Aarati Krishnan | Updated on June 12, 2021

SEBI’s order on FT funds reveals lesser-known facets of debt fund performance

Indian investors hit by financial product failures often suffer long waits to get back their money. They rarely get to know what went wrong. For investors in the six wound-up debt schemes of Franklin Templeton India, the story is playing out differently. Thanks to Court orders, they’ve been receiving some payouts from the liquidated funds. SEBI’s completion of investigations to pass an order last week also throws light on the behind-the-scenes action in FT funds that led to this crisis. Here are some useful lessons from the 100-page order for investors.

Read: How Sebi’s latest risk matrix promises value-add for debt MF investors

Look beyond category

After SEBI’s categorisation exercise in 2018, which boxed all mutual funds into 36 types, investors were told that their mutual fund choices would now become simpler, with more truth in labelling. But the FT India order shows that the categorisation is far from watertight and that a scheme’s name can still be a poor indicator of its true nature.

SEBI’s order suggests that though FT’s troubled debt schemes were slotted into low-risk categories based on their portfolio duration, they carried above-normal credit risks. In December 2019, Franklin India Low Duration Fund (LDF) and Short Term Income Plan (STIP) had 84 per cent and 80 per cent, respectively, invested in bonds rated AA and below. This was not very different from Franklin India Credit Risk Fund’s 86 per cent.
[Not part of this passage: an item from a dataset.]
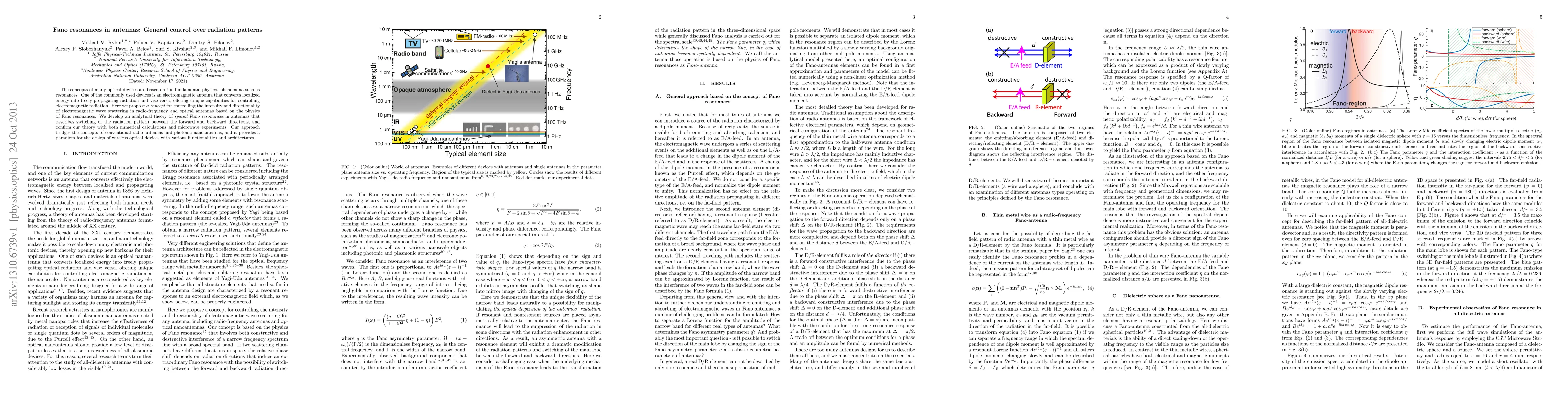 This paper proposes a method to control the radiation patterns of electromagnetic antennas using Fano resonances, developing an analytical theory that switches scattering between forward and backward directions. The approach is validated by numerical simulations and microwave experiments, bridging radio and photonic nanoantennas for advanced wireless optical device design.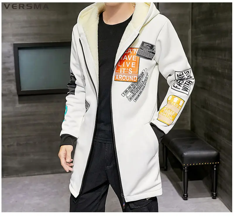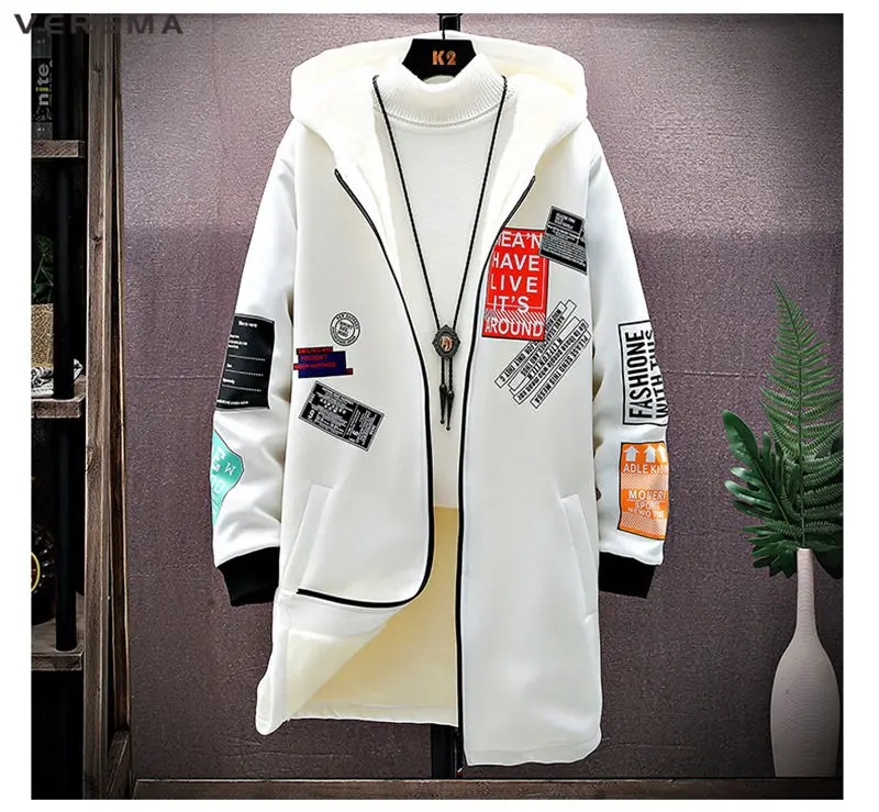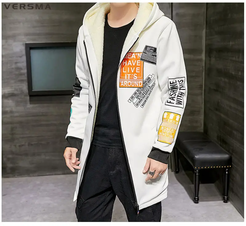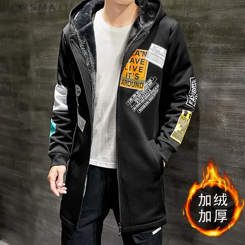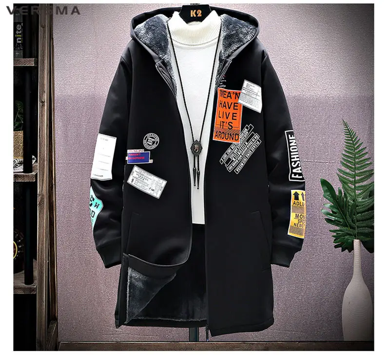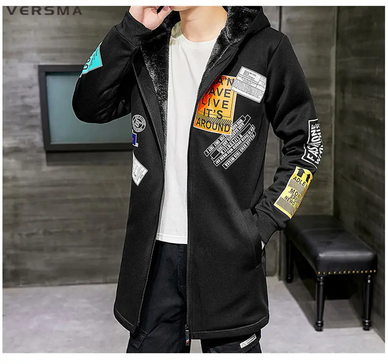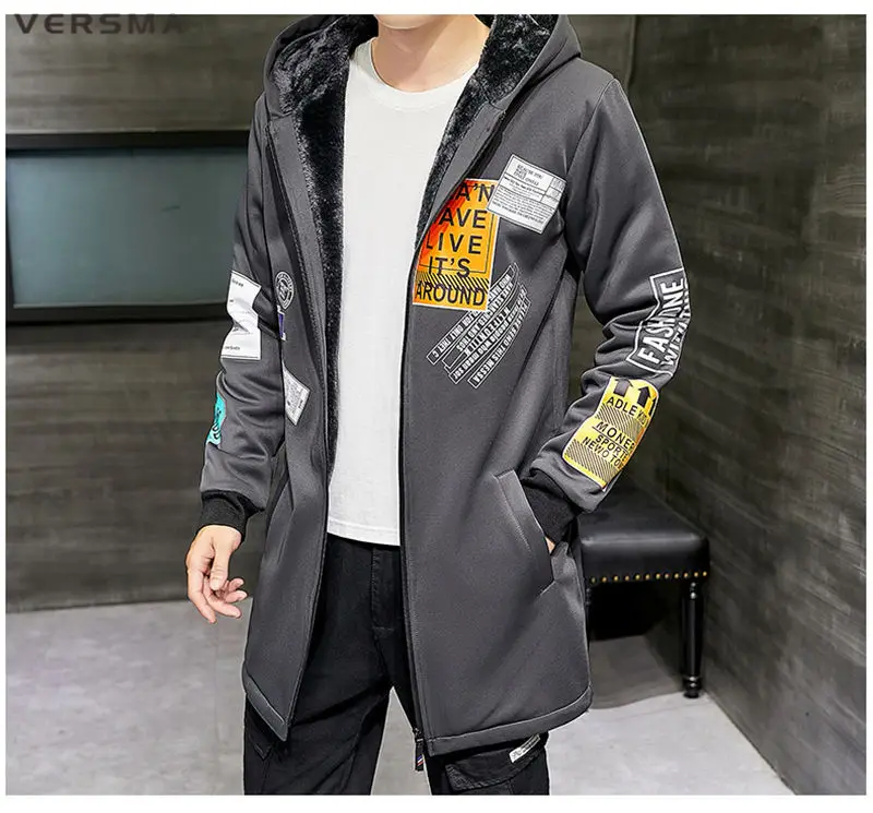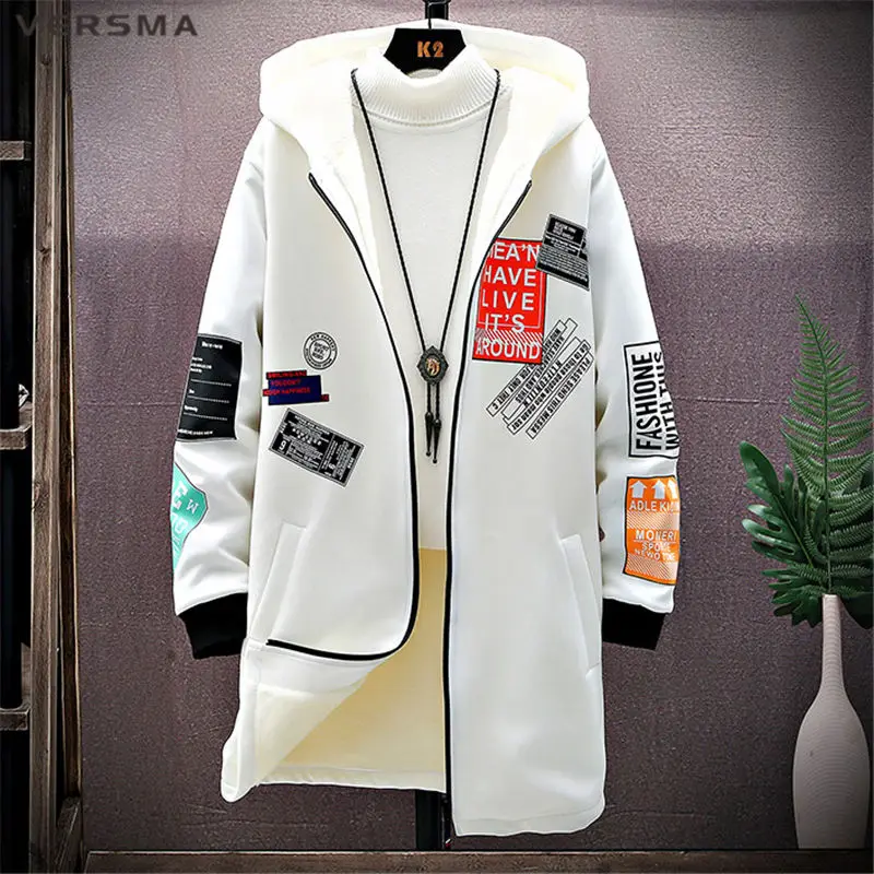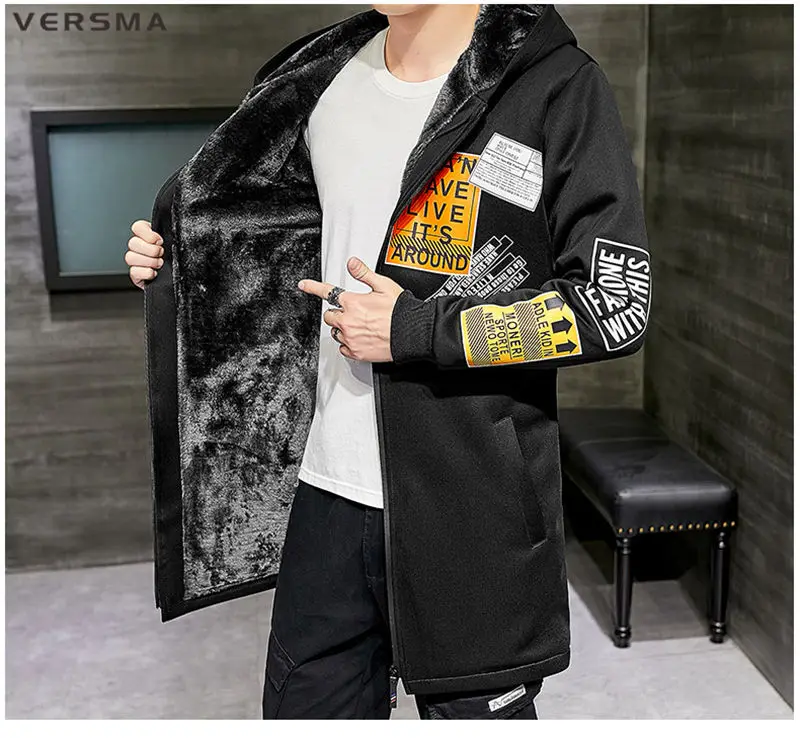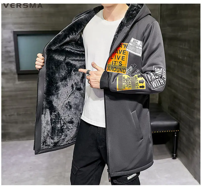 VERSMA зимняя куртка в Корейском стиле кепки, кепки в стиле Толстая Длинная ветровка Тренч Для мужчин в стиле хип-хоп Крупногабаритные Готический Для мужчин длинная куртка-парка Dropshippping

Though the scheme names Franklin India Dynamic Accrual Fund (DAF) and Income Opportunities Fund (IOF) do not hint at credit-based strategies, their portfolios had 84 and 86 per cent allocations respectively to AA and below bonds. IOF, DAF, and STIP also shared a lot of common holdings ranging from 59 to 69 per cent, with Franklin’s Credit Risk Fund, suggesting that despite being in different categories, these schemes were quite similar.

When choosing funds, investors cannot place too much reliance on a scheme’s stated category or its label. Portfolio composition is the only accurate guide to risk-return characteristics.

Be suspicious of yield

Analysts and advisers often puzzled over how FT’s debt funds consistently managed higher yields than peers, irrespective of rate cycles. But there’s no arguing with returns and they ended up recommending them, anyway. But details in the order suggest that if you don’t understand exactly how a debt fund makes its returns, it may be best to stay away.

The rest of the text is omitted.